====== Excerpted records

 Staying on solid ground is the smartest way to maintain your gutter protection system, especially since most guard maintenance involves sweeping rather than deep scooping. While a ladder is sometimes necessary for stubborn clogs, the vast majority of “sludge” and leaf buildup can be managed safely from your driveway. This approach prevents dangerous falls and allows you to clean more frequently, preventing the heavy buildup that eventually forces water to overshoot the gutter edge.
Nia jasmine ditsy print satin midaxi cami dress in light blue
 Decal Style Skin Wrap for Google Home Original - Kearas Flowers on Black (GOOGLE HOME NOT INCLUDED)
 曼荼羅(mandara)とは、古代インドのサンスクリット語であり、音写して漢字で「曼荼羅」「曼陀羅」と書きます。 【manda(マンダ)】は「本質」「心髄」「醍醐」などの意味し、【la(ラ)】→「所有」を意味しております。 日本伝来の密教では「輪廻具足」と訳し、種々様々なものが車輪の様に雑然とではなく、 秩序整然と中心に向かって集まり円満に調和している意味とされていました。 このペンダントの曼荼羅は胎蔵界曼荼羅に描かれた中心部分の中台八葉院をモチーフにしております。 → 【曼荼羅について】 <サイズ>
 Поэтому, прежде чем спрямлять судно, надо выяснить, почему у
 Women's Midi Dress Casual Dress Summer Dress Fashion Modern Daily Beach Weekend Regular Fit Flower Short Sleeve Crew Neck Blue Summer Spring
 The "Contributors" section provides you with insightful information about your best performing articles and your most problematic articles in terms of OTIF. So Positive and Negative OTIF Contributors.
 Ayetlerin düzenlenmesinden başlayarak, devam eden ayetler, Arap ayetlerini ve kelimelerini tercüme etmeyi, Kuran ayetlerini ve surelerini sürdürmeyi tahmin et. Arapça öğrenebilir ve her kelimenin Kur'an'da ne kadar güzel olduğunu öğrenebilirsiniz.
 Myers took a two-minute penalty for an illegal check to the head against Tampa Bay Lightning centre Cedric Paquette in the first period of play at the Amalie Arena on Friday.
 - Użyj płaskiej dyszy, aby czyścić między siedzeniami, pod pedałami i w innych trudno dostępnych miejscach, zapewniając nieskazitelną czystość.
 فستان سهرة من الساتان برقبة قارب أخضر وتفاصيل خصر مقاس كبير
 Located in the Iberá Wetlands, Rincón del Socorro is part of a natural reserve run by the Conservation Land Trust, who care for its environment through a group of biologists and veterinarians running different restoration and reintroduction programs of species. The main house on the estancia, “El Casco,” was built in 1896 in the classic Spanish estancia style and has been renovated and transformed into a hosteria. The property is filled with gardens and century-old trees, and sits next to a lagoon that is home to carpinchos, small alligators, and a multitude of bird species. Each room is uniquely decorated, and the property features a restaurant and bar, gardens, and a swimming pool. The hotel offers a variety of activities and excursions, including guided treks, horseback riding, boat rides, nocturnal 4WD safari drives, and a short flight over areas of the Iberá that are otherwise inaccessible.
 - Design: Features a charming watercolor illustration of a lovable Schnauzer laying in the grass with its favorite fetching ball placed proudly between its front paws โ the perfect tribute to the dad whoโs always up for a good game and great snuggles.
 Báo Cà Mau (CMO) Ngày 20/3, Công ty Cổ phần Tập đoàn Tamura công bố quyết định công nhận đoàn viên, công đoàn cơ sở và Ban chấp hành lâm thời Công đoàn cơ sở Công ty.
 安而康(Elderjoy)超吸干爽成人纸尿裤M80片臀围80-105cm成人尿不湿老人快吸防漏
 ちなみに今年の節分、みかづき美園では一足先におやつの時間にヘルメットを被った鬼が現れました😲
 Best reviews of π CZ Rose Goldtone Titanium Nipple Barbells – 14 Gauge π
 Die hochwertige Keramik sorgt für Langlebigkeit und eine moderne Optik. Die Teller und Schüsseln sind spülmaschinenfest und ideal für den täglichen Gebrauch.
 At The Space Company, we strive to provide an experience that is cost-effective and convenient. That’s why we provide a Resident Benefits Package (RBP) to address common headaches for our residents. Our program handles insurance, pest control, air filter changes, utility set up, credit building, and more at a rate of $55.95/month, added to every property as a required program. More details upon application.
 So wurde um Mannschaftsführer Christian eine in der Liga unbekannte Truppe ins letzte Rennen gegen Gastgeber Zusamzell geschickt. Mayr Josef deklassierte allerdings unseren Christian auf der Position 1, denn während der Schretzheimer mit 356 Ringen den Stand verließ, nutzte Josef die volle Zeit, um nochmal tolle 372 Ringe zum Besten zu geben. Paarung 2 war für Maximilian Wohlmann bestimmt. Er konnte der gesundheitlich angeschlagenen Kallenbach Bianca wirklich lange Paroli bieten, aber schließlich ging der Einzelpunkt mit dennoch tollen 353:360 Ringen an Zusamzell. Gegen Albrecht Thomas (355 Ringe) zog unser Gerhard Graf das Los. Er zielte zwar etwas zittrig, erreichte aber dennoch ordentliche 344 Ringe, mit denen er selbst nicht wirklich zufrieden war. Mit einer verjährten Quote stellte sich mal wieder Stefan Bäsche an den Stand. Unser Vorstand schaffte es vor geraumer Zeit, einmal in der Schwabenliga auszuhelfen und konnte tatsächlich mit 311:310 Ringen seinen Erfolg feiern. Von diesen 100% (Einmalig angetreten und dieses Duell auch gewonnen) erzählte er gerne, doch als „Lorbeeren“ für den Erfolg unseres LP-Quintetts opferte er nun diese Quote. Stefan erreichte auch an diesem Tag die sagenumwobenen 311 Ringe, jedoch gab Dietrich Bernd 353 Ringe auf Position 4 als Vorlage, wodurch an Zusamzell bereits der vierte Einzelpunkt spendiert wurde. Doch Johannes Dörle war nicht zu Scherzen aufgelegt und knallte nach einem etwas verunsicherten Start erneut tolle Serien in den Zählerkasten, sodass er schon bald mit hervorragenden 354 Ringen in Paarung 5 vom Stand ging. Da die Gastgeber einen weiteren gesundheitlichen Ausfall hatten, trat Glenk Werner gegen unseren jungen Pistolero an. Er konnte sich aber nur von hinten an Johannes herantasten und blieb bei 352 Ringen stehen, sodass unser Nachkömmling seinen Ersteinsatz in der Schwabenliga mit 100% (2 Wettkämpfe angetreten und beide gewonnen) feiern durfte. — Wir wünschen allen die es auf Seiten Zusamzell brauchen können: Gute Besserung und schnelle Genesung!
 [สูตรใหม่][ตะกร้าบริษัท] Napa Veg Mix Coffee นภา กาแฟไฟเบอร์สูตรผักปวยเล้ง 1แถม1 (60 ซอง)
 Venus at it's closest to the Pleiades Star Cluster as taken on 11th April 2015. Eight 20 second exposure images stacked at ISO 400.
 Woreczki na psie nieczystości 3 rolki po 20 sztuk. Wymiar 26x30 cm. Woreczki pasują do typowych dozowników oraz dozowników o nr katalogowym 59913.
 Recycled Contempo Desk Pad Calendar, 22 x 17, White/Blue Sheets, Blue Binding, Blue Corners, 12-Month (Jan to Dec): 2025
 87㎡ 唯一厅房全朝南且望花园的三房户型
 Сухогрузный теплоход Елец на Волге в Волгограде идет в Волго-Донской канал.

============

#### Activity
Taking the records above, retype every line from the one with "安而康(Elderjoy)超" down to the one with "At The Space", exactly and with nothing else.

#### Answer box
 安而康(Elderjoy)超吸干爽成人纸尿裤M80片臀围80-105cm成人尿不湿老人快吸防漏
 ちなみに今年の節分、みかづき美園では一足先におやつの時間にヘルメットを被った鬼が現れました😲
 Best reviews of π CZ Rose Goldtone Titanium Nipple Barbells – 14 Gauge π
 Die hochwertige Keramik sorgt für Langlebigkeit und eine moderne Optik. Die Teller und Schüsseln sind spülmaschinenfest und ideal für den täglichen Gebrauch.
 At The Space Company, we strive to provide an experience that is cost-effective and convenient. That’s why we provide a Resident Benefits Package (RBP) to address common headaches for our residents. Our program handles insurance, pest control, air filter changes, utility set up, credit building, and more at a rate of $55.95/month, added to every property as a required program. More details upon application.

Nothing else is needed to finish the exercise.